THE PIANO: This really isn't going to be a shock by this point of the series, but this piano part could be performed by a monkey with Alzheimer's in his sleep. Several times throughout the part he simply changes chords by keeping the same 3 notes in the right hand while going down bass note whole notes with his left. A good example is in the very first 2 measures of the verse as he shifts from Am to FMaj7 with one simple finger movement. Ingenious ability to lazy up his piano playing, I say!

Also unshocking is the fact that the entire song he does not at all deviate from his 3 note chunking with Whole notes in the bass, minus a few measures where he moves in parallel thirds up in seconds between the bass and treble, nothing special. There is also one point where he shifts into whole notes in the treble with quarters in the bass. (This is where you insert the facepalm.jpg)
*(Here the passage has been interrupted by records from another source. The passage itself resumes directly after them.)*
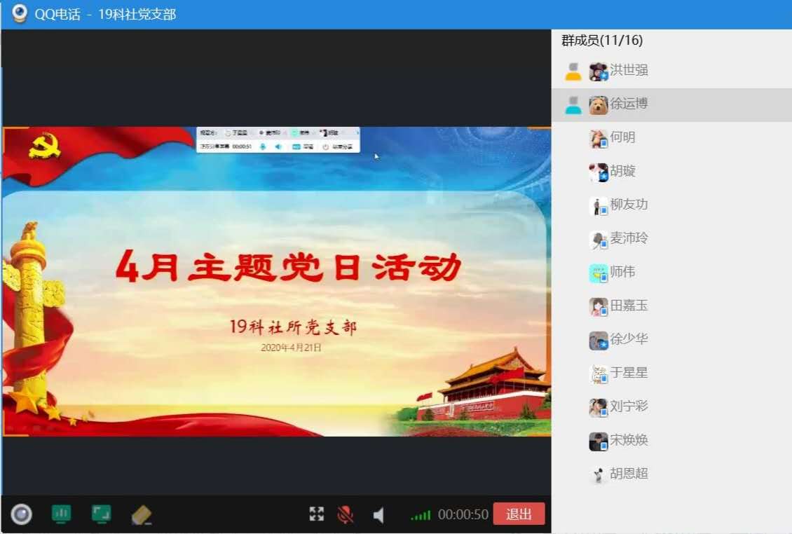 为深入学习领会习近平总书记在疫情防控期间的重要讲话精神,增强支部党员的新时代中国特色社会主义理论素养,加强支部党员之间的学习交流,推进支部的建设,科社所研究生第二党支部于四月二十一日上午十点整采用线上会议方式召开了四月份主题党日活动。本次主题党日活动采用党小组带学的新方式进行,由支部第一党小组筹备策划,支部书记支持,全体党员参加。
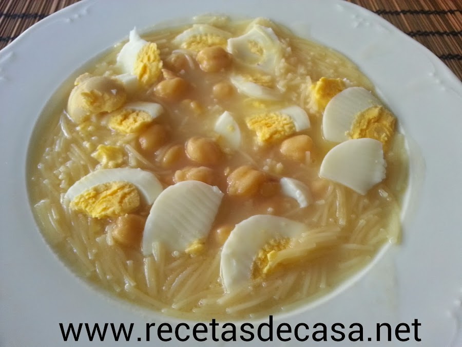 Servimos la sopa con unos pocos garbanzos y huevo duro para quien lo desee.
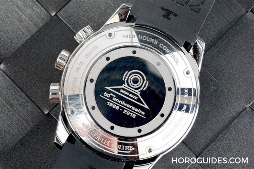 此次五款中唯一的限量表款,發行1,000只,經典三表冠設計就是前面所提在IG搶先露出的預告,分別用于設定鬧鈴(上)、設定旋轉內表圈(中)、設定時間(下)。搭配音簧報時的積家956型機芯,與1950年代設計的首款自動響鬧腕表機芯一脈相承。42mm的尺寸也與過去呼應,搭配全新的橡膠表帶和折疊式表扣,防水深度為200米。
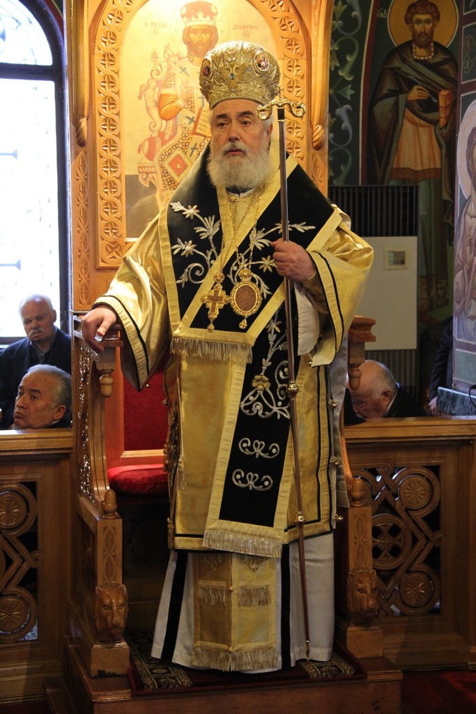 Συνοδευόμενος από τον Πρωτοσύγκελλό Του Αρχιμανδρίτη
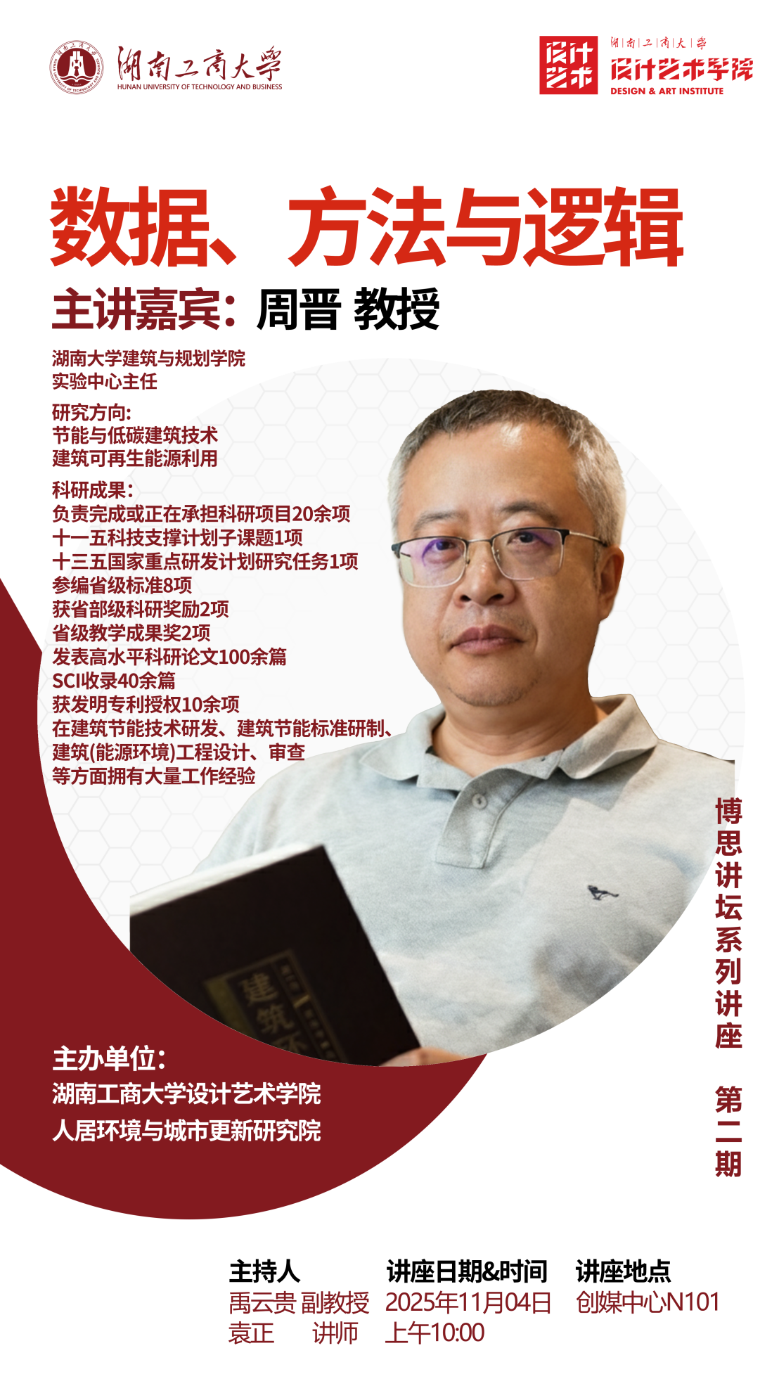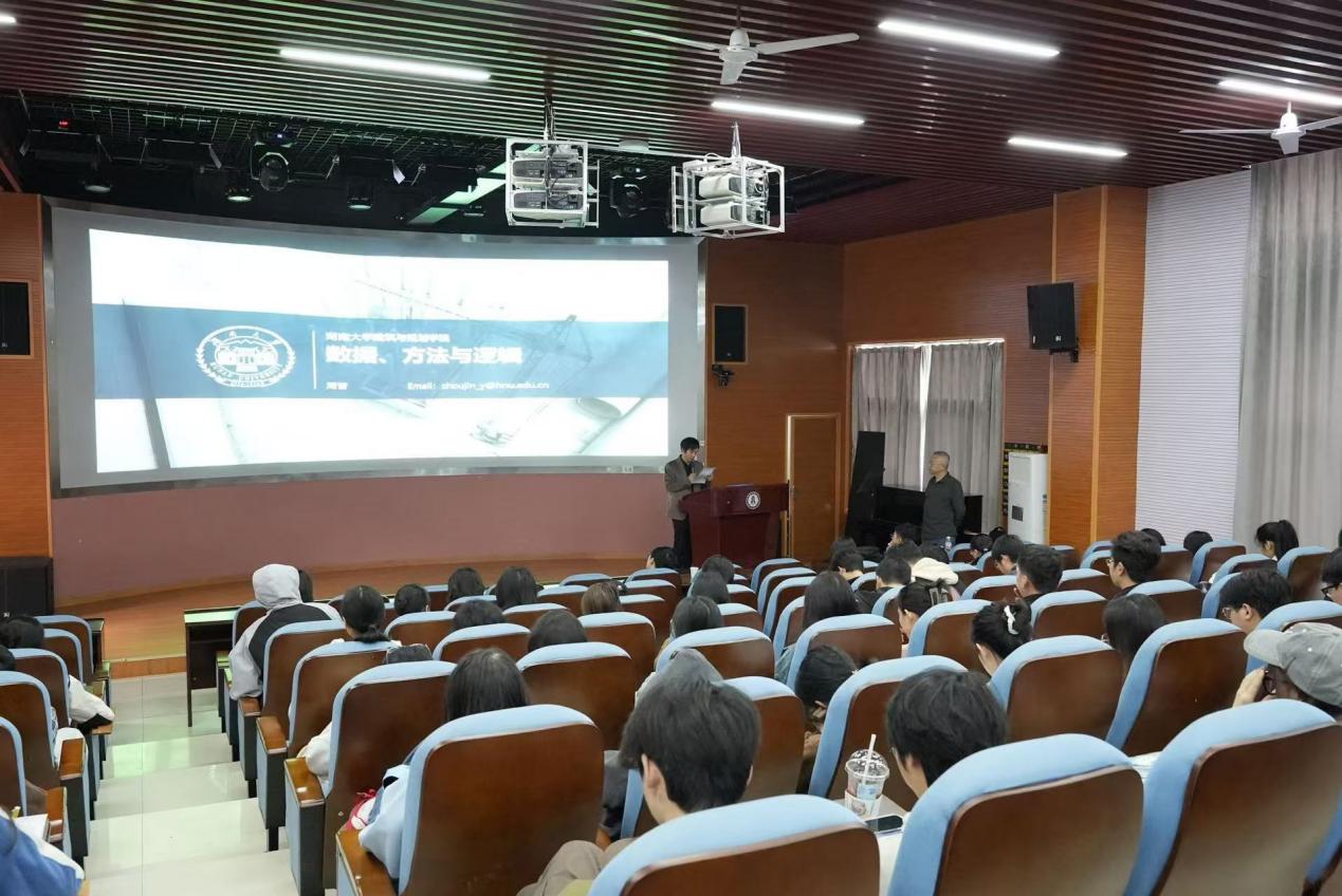 2025年11月4日上午,由湖南工商大学设计艺术学院、人居环境与城市更新研究院联合举办的第二期“博思讲坛”学术讲座在创媒中心N101顺利举行。本次讲座特邀湖南大学周晋教授担任主讲嘉宾,以“数据、方法与逻辑”为主题展开精彩分享。讲座由设计艺术学院禹云贵副院长主持。

LAZINESS IN SONGWRITING: Simply beginning with the key signature of A minor you can probably see where I'm going here. 6 total chords are used in various form, all of them in streams of bass notes that make the song as easy to stick together as possible. The song is dominated by Am, C, G and FMaj7, basically making this entire song a piece in A minor trying as desperately hard to get to C Major (the old standard) as possible. It never really succeeds, due to various chords like E and A major that get stuck in as passing chords. The E chord, by the way, is not nearly as exotic as you might think, it's just a result of a temporary shift to harmonic minor from the regular natural minor the rest of the song is rooted in.

The lyrical content of this song is the idea of "write one verse and then repeat it 30 times" that he also utilized in Why Don't We Do it in the Road?. The difference here of course is that WDWDIITR is not supposed to be serious. This one is so damn serious it's hilarious to listen to. Macca obviously decided that since he couldn't come up with anything new, he'd just SCAT to one of the verses, which almost makes it worse. If it could get worse, I don't wanna know.

WHY PAUL GOT AWAY WITH IT: This is the epitome of a stupid song on the Magical Mystery Tour album. Macca really just sort of phoned in sick on that album and made his songs even worse. (Remember All Together Now?) So I won't totally fault him for this one. Totally anyway.


This series and blog is totally tongue in cheek. I really do love Paul McCartney.